→ What you should do
Return exactly the run of lines that begins at the line containing "Chennai, Tamil Nadu, India" and ends at the last line of the material below; pictures stay out.

---*---

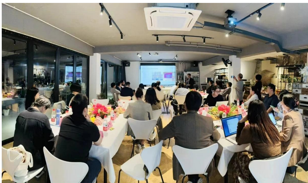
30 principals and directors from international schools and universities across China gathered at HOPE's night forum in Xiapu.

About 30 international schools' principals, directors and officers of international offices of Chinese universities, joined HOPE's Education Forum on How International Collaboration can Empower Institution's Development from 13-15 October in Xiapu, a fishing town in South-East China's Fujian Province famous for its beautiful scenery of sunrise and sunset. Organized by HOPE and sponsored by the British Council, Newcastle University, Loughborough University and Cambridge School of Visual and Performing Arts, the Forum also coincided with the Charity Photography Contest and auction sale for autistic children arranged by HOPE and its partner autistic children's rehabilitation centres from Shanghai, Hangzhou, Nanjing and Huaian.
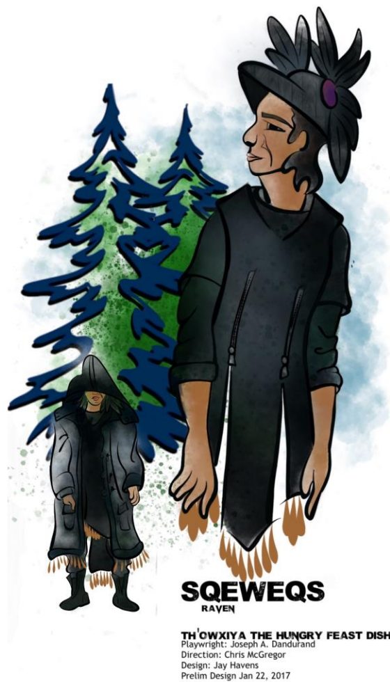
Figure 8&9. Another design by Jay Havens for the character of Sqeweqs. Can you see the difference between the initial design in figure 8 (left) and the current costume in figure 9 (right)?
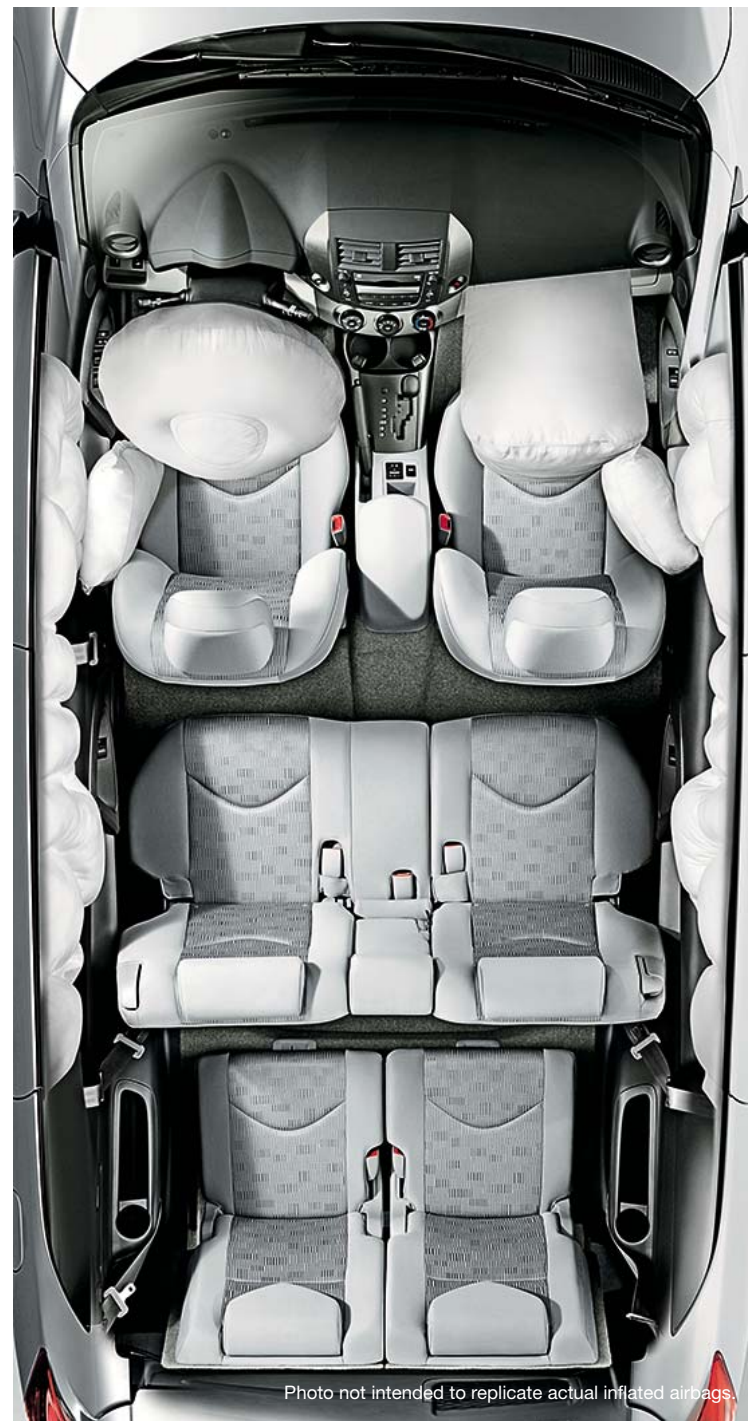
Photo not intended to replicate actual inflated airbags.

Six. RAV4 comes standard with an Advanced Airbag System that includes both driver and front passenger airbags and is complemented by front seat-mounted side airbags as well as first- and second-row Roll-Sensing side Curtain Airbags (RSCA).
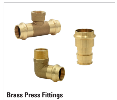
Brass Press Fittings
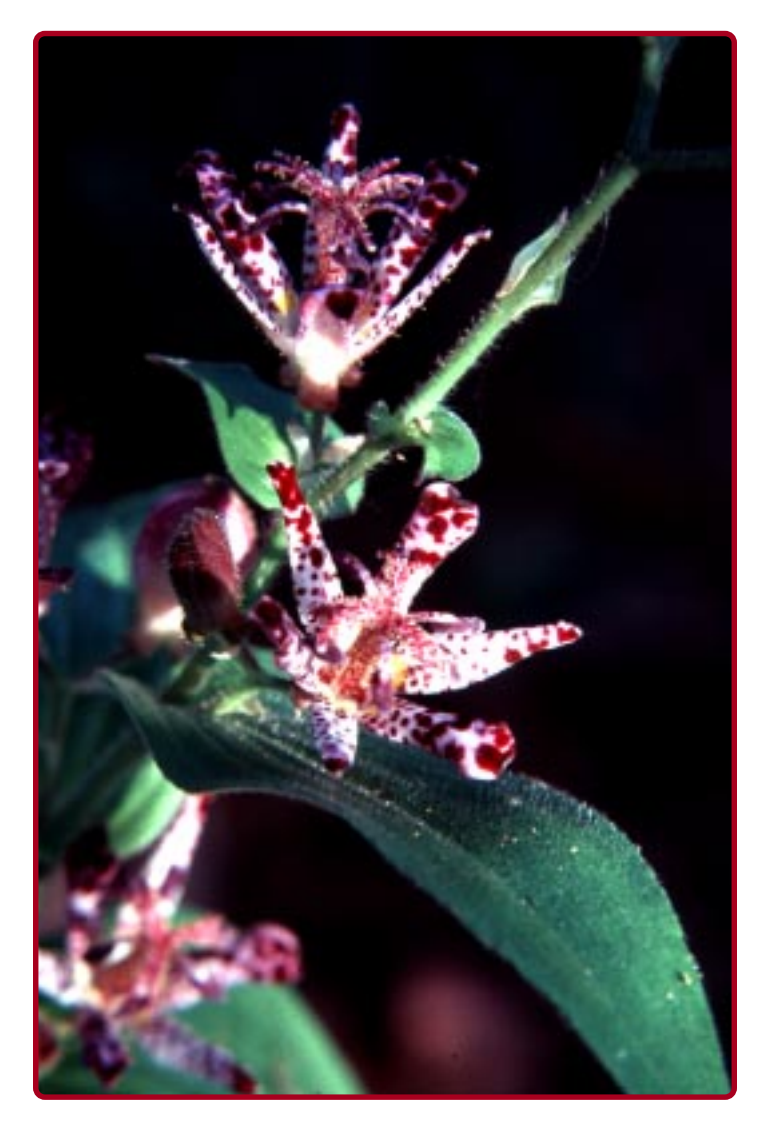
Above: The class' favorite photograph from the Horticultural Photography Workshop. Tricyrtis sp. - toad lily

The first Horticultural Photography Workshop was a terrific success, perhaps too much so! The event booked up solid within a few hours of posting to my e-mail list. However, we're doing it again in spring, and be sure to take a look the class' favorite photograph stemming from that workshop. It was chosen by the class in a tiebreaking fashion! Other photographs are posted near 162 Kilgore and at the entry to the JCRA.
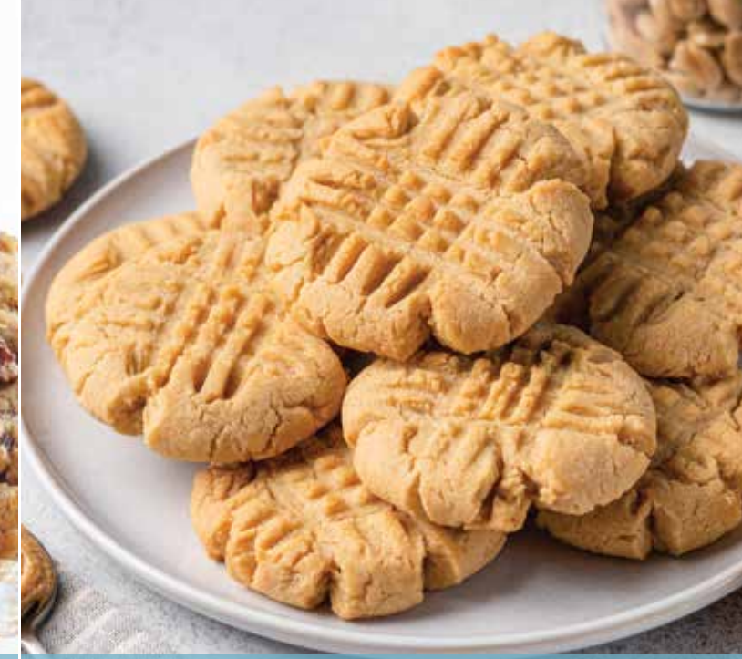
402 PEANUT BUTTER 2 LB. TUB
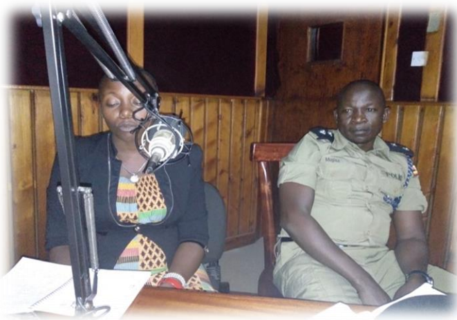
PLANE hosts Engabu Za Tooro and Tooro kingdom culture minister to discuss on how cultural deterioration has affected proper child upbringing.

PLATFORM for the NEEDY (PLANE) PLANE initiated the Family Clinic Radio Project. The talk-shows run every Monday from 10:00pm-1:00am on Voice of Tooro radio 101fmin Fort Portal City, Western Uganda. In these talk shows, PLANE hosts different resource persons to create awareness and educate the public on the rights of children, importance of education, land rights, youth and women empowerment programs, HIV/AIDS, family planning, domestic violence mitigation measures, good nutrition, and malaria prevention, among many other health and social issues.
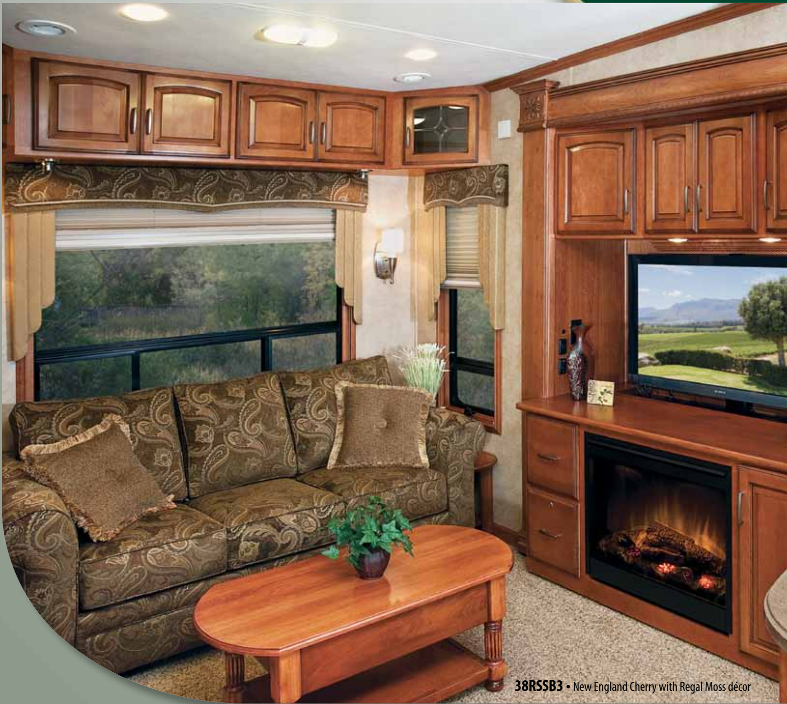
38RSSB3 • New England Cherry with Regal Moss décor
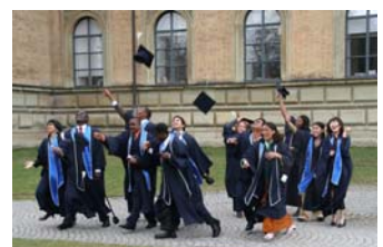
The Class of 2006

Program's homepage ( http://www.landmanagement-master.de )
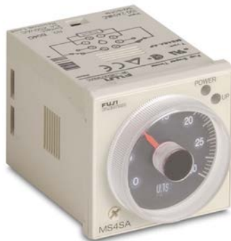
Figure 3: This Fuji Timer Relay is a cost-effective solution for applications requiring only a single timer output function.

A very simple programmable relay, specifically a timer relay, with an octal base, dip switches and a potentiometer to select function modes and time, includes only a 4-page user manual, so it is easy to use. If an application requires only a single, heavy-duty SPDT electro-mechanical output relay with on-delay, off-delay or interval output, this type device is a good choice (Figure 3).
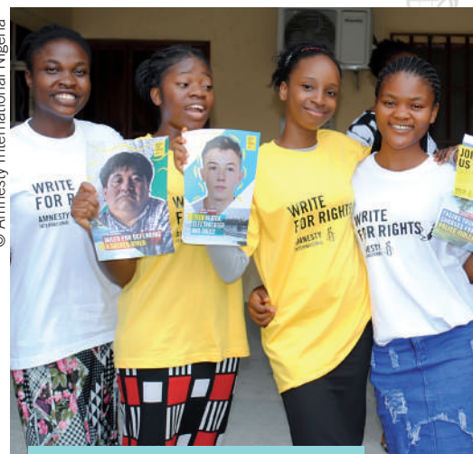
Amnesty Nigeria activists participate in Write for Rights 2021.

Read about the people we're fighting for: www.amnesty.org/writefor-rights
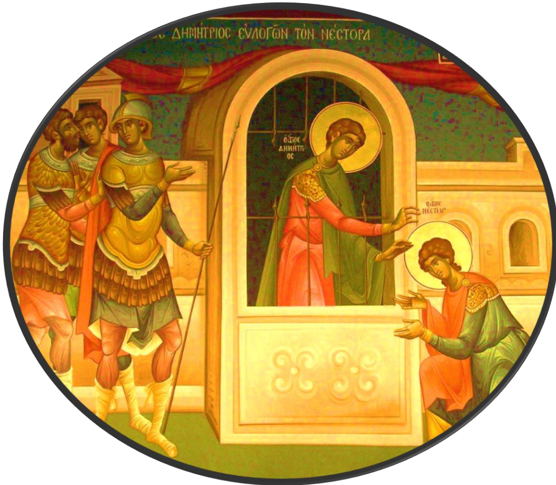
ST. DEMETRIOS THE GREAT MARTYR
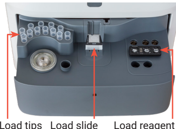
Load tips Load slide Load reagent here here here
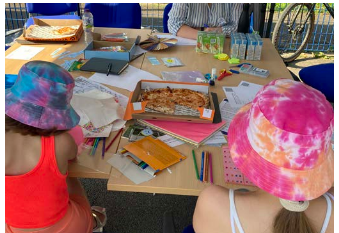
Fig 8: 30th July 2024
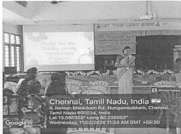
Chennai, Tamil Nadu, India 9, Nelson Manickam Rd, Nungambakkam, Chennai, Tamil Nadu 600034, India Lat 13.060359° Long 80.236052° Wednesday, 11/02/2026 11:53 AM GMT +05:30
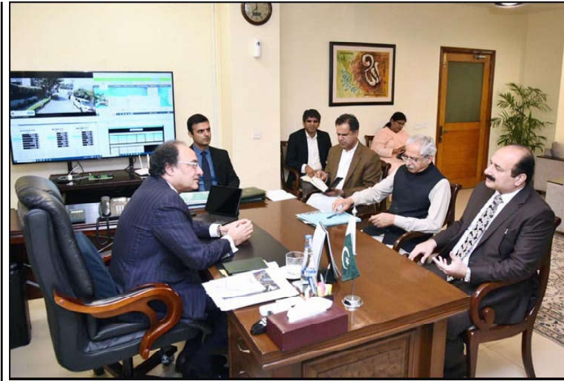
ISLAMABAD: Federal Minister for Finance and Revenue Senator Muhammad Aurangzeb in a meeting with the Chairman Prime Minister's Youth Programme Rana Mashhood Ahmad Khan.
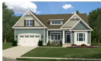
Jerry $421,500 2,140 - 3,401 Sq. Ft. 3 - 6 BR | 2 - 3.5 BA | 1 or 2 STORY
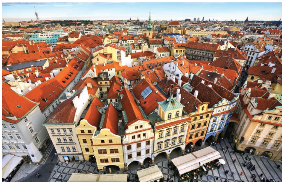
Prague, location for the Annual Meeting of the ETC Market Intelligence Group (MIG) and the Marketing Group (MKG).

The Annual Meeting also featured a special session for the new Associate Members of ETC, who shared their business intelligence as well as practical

---*---

→ Task response
Chennai, Tamil Nadu, India 9, Nelson Manickam Rd, Nungambakkam, Chennai, Tamil Nadu 600034, India Lat 13.060359° Long 80.236052° Wednesday, 11/02/2026 11:53 AM GMT +05:30
ISLAMABAD: Federal Minister for Finance and Revenue Senator Muhammad Aurangzeb in a meeting with the Chairman Prime Minister's Youth Programme Rana Mashhood Ahmad Khan.
Jerry $421,500 2,140 - 3,401 Sq. Ft. 3 - 6 BR | 2 - 3.5 BA | 1 or 2 STORY
Prague, location for the Annual Meeting of the ETC Market Intelligence Group (MIG) and the Marketing Group (MKG).

The Annual Meeting also featured a special session for the new Associate Members of ETC, who shared their business intelligence as well as practical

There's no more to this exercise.